Closed pbelmann closed 9 years ago
I think this is a good idea. In many cases a user will have a single standard file type which they wish to pass to a tool. For the assembler this could be as simple as:
bbx-assemble --in FASTQ --out FASTA
I've updated the title
I have implemented a prototype build for the biobox command line interface. This is written in python as we discussed. The bioboxes/command-line-interface github repo contains the source code. The basic interface is:
biobox <biobox_type> <container> [options]
The biobox type determines what the remaining command line arguments should be. For example the short read assembler biobox uses the -i and -o arguments.

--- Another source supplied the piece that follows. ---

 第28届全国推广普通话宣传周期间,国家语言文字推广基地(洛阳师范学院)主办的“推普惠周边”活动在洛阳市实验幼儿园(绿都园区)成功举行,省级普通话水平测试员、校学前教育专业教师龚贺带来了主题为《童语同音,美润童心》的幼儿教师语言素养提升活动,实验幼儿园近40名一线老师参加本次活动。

biobox short_read_assember bioboxes/megahit -i reads.fq -o contigs.fa
@pbelmann I believe we could consolidate the existing validation tools into this command line interface. We provide something along the lines of:
biobox short_read_assember bioboxes/megahit --validate
This would run all the feature tests we have for a given biobox type. This would simplify validating new container types as we would not need to create a new tool for each type. I believe it would make creating biobox images easier for developers too. What do you think?

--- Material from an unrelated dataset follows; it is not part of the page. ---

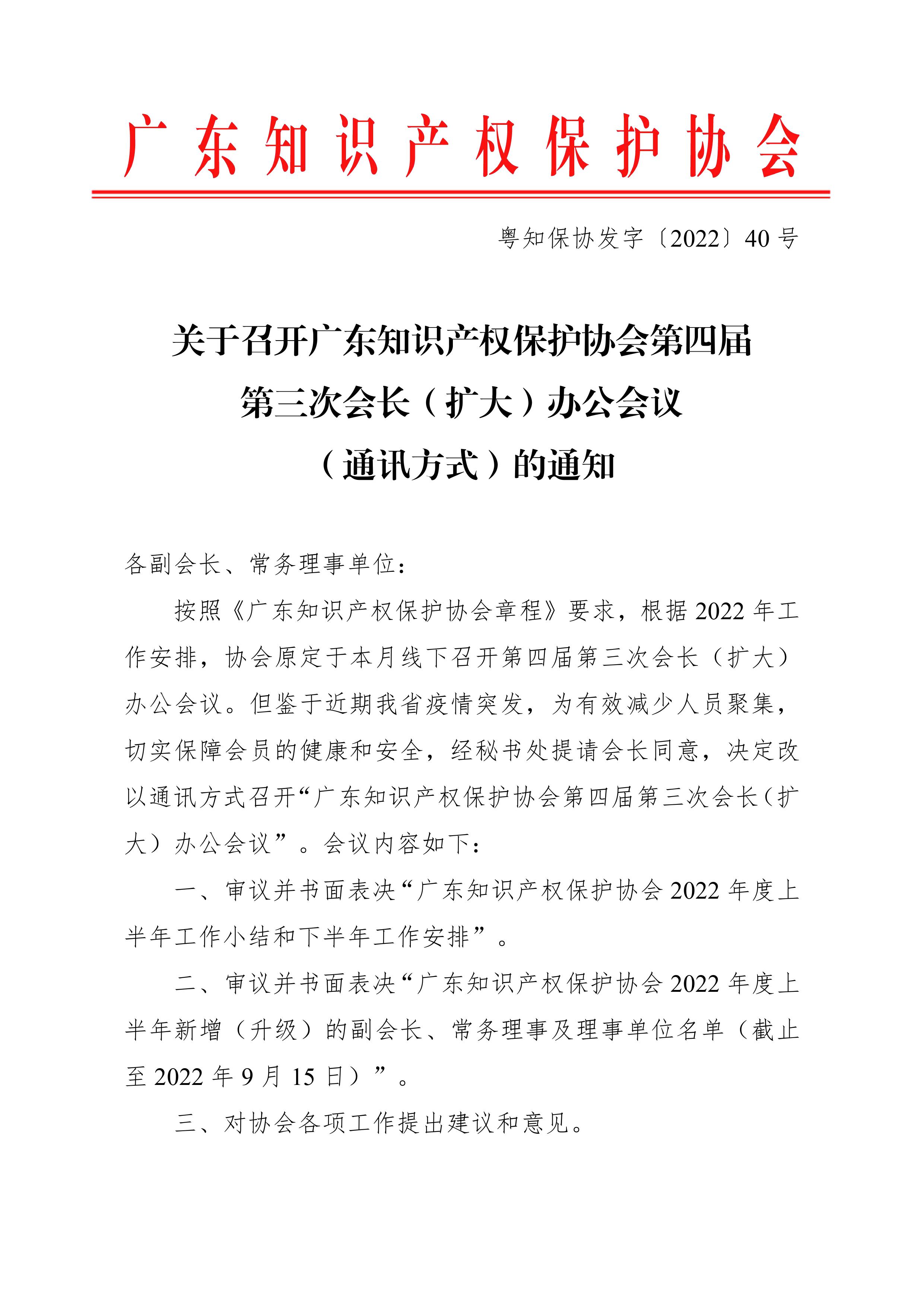 粤知保协发字〔2022〕40号-关于召开广东知识产权保护协会第四届第三次会长(扩大)办公会议(通讯方式)的通知

In addition we reviewers could use this tool when reviewing biobox images to make sure they are implemented as expected.
This is available on pypi now.
@pbelmann could you give this a try:
pip install --user biobox_cli
I would again like to propose a syntax which is similar to docker, git etc.
biobox run --engine docker --container bioboxes/velvet --specification biobox.yaml --arguments -i FASTQ -o CONTIGS
biobox validate --engine docker --container bioboxes/velvet --specification biobox.yaml
or in short with docker being the default
biobox run bioboxes/velvet -i FASTQ -o CONTIGS
biobox validate bioboxes/velvet
or using URI-style syntax instead
biobox run --container docker://bioboxes/velvet --specification biobox.yaml --arguments -i FASTQ -o CONTIGS
biobox validate --container docker://bioboxes/velvet --specification biobox.yaml
with the same short notation when docker is the default engine/backend. Supporting both versions would also be possible.

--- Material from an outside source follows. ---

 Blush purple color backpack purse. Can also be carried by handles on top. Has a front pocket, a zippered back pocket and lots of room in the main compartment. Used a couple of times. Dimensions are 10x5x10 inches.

My preference at the moment is supporting different engines is not a
priority as currently Docker is the only one in mainstream use. Depending
if runC becomes popular, then I agree we should support different backends.
I would favour the --engine
syntax, with the default value being Docker,
and this flag is only required when using another engine. This what I
believe you suggest in your second example.
biobox run bioboxes/velvet -i FASTQ -o CONTIGS
I believe we need to scope the command by the type of biobox being used. Otherwise I think it will require more work to induce the type of biobox, and therefore the command line arguments, from the name of the image. For example:
biobox short_read_assembler bioboxes/velvet -i FASTQ -o CONTIGS
biobox validate --engine docker --container bioboxes/velvet --specification biobox.yaml
I should clarify there are two places where we use the term 'validate' in the bioboxes project and I think this has lead to confusion. These are:
Since this term is overloaded, I suggest we start using verify
for the
second point, and continue to use validate for the first. I welcome better
suggestions though.
I believe is that the biobox cli should include the functionality to verify an image follows the RFC, since we are already essentially doing this with mulitple different tools: the short-read-assembler-validator, binning-validator, and so forth. My suggested syntax is:
biobox short_read_assembler bioboxes/velvet --verify
biobox binning bioboxes/metabat --verify
I agree with @fungs wrt the git-like syntax. In addition, I am favoring the proposed solution where biobox types, if not specified, are automatically inferred from biobox names.
This could for example be accomplished by having a global registry that assigns bioboxes to biobox types. I have not been following the discussion lately, so I don't know if such a registry is planned anyways (which would make sense in order to find bioboxes in the first place).
Another advantage of not specifying biobox types when running a biobox is that associations of bioboxes with biobox types could be changed without breaking user's code (as long as the parameter interface remains stable of course).
I agree with @fungs and would favor a solution where biobox types, if not specified, are automatically inferred from biobox names.
This could for example be accomplished by having a global registry that assigns bioboxes to biobox types. I have not been following the discussion lately, so I don't know if such a registry is planned anyways (which would make sense in order to find bioboxes in the first place).
I am less keen on this solution because it requires making a web request to the registry each time the command line interface is called. To me it seems simpler to ask the user to specify the type on the command line.
Another advantage of not specifying biobox types when running a biobox is that associations of bioboxes with biobox types could be changed without breaking user's code (as long as the parameter interface remains stable of course).
Would an example of this be that the bioboxes/velvet image was changed from being an assembler to another function such as a short read aligner? If so I think this would be quite confusing for a use if we supported this happening.
Presently I believe the priority is to get people to get people using bioboxes. I think the best feedback will be from people using bioboxes and the CLI in production, and then we'll be able to prioritise new features.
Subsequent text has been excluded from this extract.